### Action item
Repeat, exactly and in full, the lines of the listing below, but without any pictures.

### Information shown
________________________________________

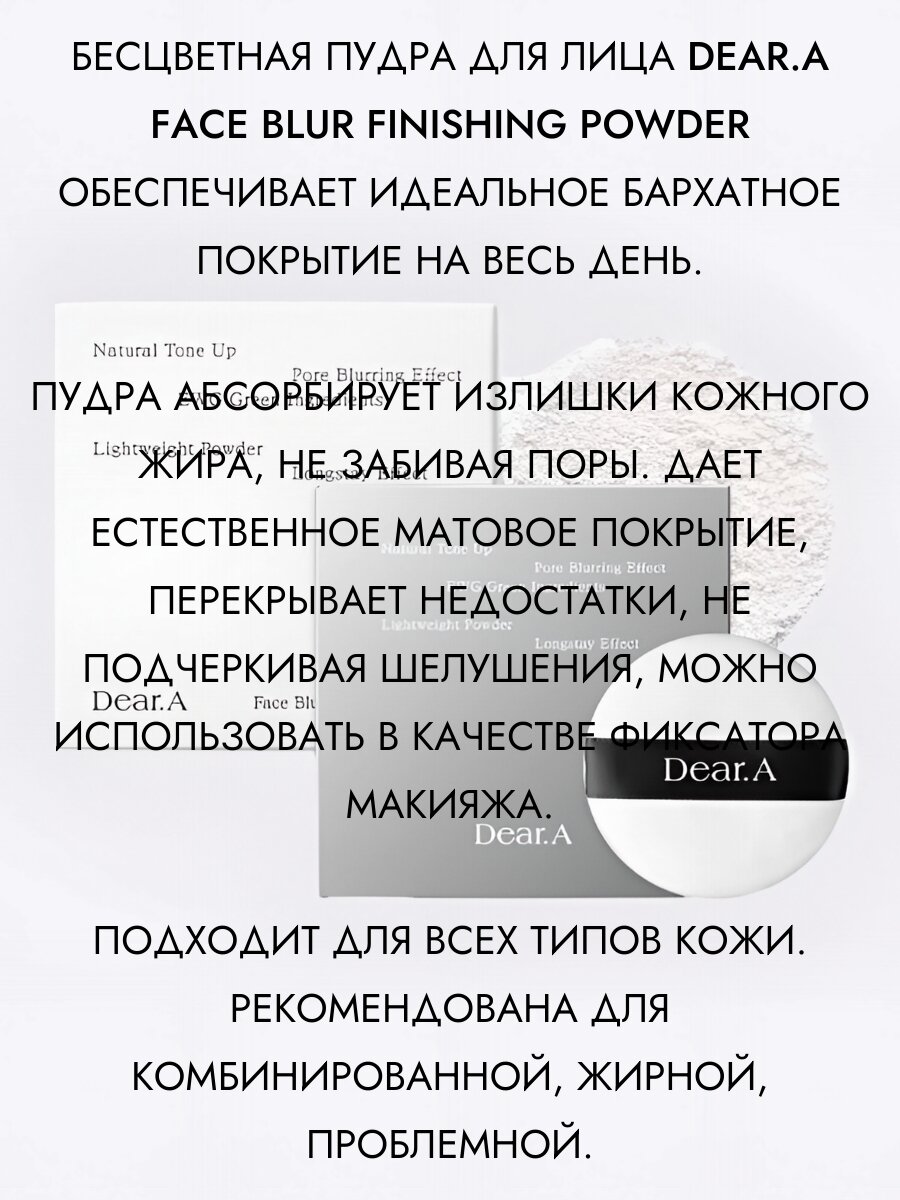 Купить Dear.A Пудра для лица транспарентная матирующая Face Blur Finishing Powder с доставкой по всей России.
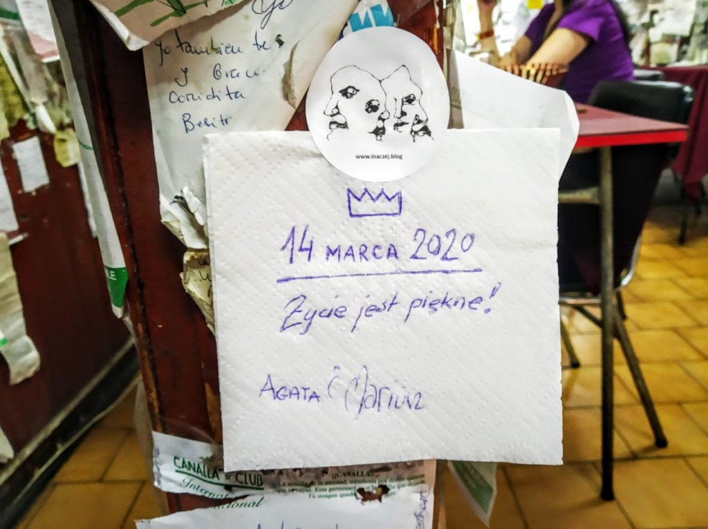 Wszystkie ściany restauracji są pokryte karteczkami i serwetkami, na których swoje myśli uwieczniają od wielu lat goście. Dołożyliśmy swoją cegiełkę, pisząc po polsku „Życie jest piękne”, bo po kilku łykach czerwonego, wytrawnego trunku i przy dźwiękach muzyki, którą uraczył nas miły starszy pan – takim się nam ono wtedy wydawało. Stres na chwilę minął. Zapanowała radość i poczuliśmy swego rodzaju ulgę.
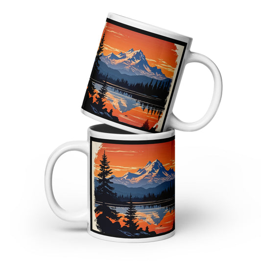 Outlined Orange Sky Over Mountains White Glossy Mug (11 oz, 15 oz, 20 oz)
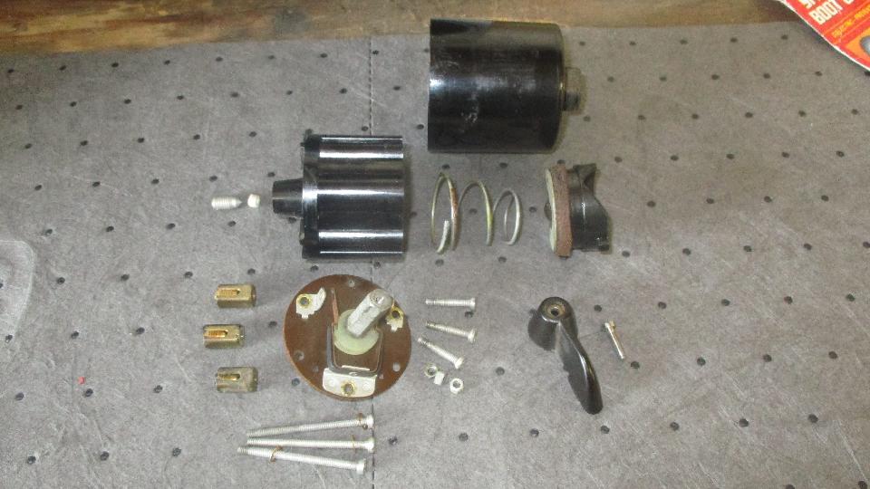 The moving parts are a forked yoke with square neck for alignment in the housing, and a rotating square bobbin carrying the moving electrical contacts. Fixed position parts are the pot metal housing and phenolic rear plate, and three phosphor-bronze spring contact fingers. The center finger is the power input terminal, and it has a hook at the bottom end. When the switch is kicked, the square bobbin is pushed downward where the hook catches a corner of the bobbin to make it rotate 1/4 turn, which in turn presents moving electrical contacts alternately to one or the other of the output fingers.

________________________________________

### Problem solution
 Купить Dear.A Пудра для лица транспарентная матирующая Face Blur Finishing Powder с доставкой по всей России.
 Wszystkie ściany restauracji są pokryte karteczkami i serwetkami, na których swoje myśli uwieczniają od wielu lat goście. Dołożyliśmy swoją cegiełkę, pisząc po polsku „Życie jest piękne”, bo po kilku łykach czerwonego, wytrawnego trunku i przy dźwiękach muzyki, którą uraczył nas miły starszy pan – takim się nam ono wtedy wydawało. Stres na chwilę minął. Zapanowała radość i poczuliśmy swego rodzaju ulgę.
 Outlined Orange Sky Over Mountains White Glossy Mug (11 oz, 15 oz, 20 oz)
 The moving parts are a forked yoke with square neck for alignment in the housing, and a rotating square bobbin carrying the moving electrical contacts. Fixed position parts are the pot metal housing and phenolic rear plate, and three phosphor-bronze spring contact fingers. The center finger is the power input terminal, and it has a hook at the bottom end. When the switch is kicked, the square bobbin is pushed downward where the hook catches a corner of the bobbin to make it rotate 1/4 turn, which in turn presents moving electrical contacts alternately to one or the other of the output fingers.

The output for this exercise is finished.